In tribal areas of Arabia, the foals are fed camel milk so that the royalty can drink the horse milk.The commoners drink camel milk.


----------



## HRFOhio (Aug 27, 2011)

*Re: Making soap wanting to compare ND milk to mule or donkey*

Google for fat content of different kinds of milk. Horse milk is very low in fat content (so donkey probably is also). Also, I would think the fat globules(?) are smaller like goat milk because foals can be fed goat milk without a lot of bad side effects, but cow milk would scour them horribly.

I think they also do 'horse dairy' in the EU, so you might google for that as well.

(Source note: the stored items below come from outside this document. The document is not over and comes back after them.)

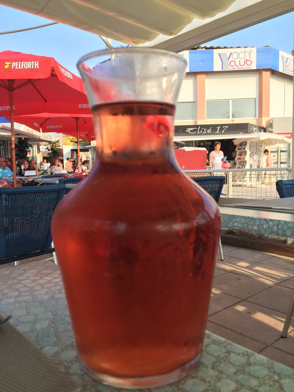 I forgot to bring the extra sunscreen, so after a couple of hours covered head-to-toe with our towels and extra clothes (we burn VERY easily), we decided to head back to town for dinner. We showered (in our tub that had neither door nor shower curtain) and dressed and headed out for a cocktail, opting to stop at a restaurant with a patio overlooking the gorgeous port. We sat for a while watching people and admiring the sailboats and small yachts in the port while we sipped the house white wine.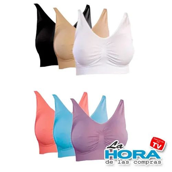 El sujetador Comfortisse brinda comodidad total gracias a su diseño sin costuras, sin aros ni broches. Se adapta a tu cuerpo y realza tu figura con suavidad. ¡Incluye 3 unidades!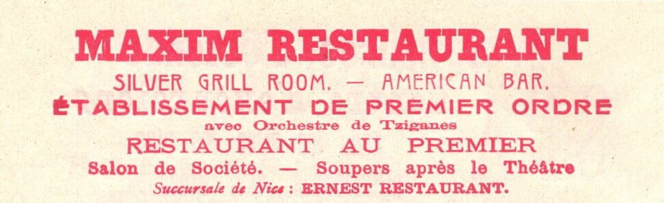 Silver Grill Room. American Bar. Etablissement de premier ordre avec Orchestre de Tziganes. Restaurant au premier. Salon de Société. Soupers après le Théâtre. Succursale de Nice : Ernest Restaurant. - Was gelegen op de hoek van de Van Iseghemlaan en de Langestraat. Nu, 2020, het toerismebureau. - Map 015 D-16

I think Kiefer (sp?) is traditionally made with horse milk.


----------



## Hobbyfarmer (Sep 7, 2011)

*Re: Making soap wanting to compare ND milk to mule or donkey*

I don't have first hand knowledge. But my mother was in Kazakhstan 2 years ago and had mares milk. She commented it was very sweet. Good luck on your new endeavor.


----------



## fanny (Sep 9, 2013)

I've used donkey milk soap to treat my baby son's dandruff, with great results. Firends have used it too, with equally good results. You can find all the shops selling donkey milk soap here
http://donkeymilksoap.com/


----------



## ptgoats45 (Nov 28, 2011)

Goat's milk soap is supposed to be really good for people with eczema and sensitive skin so I would assume it would be similar to the donkey milk soap. Camels milk is higher in fat (and insulin) and is just starting to become a little more popular here in the US for people with diabetes and other issues. It has been known to be very beneficial to people with diabetes due to the high insulin content.


----------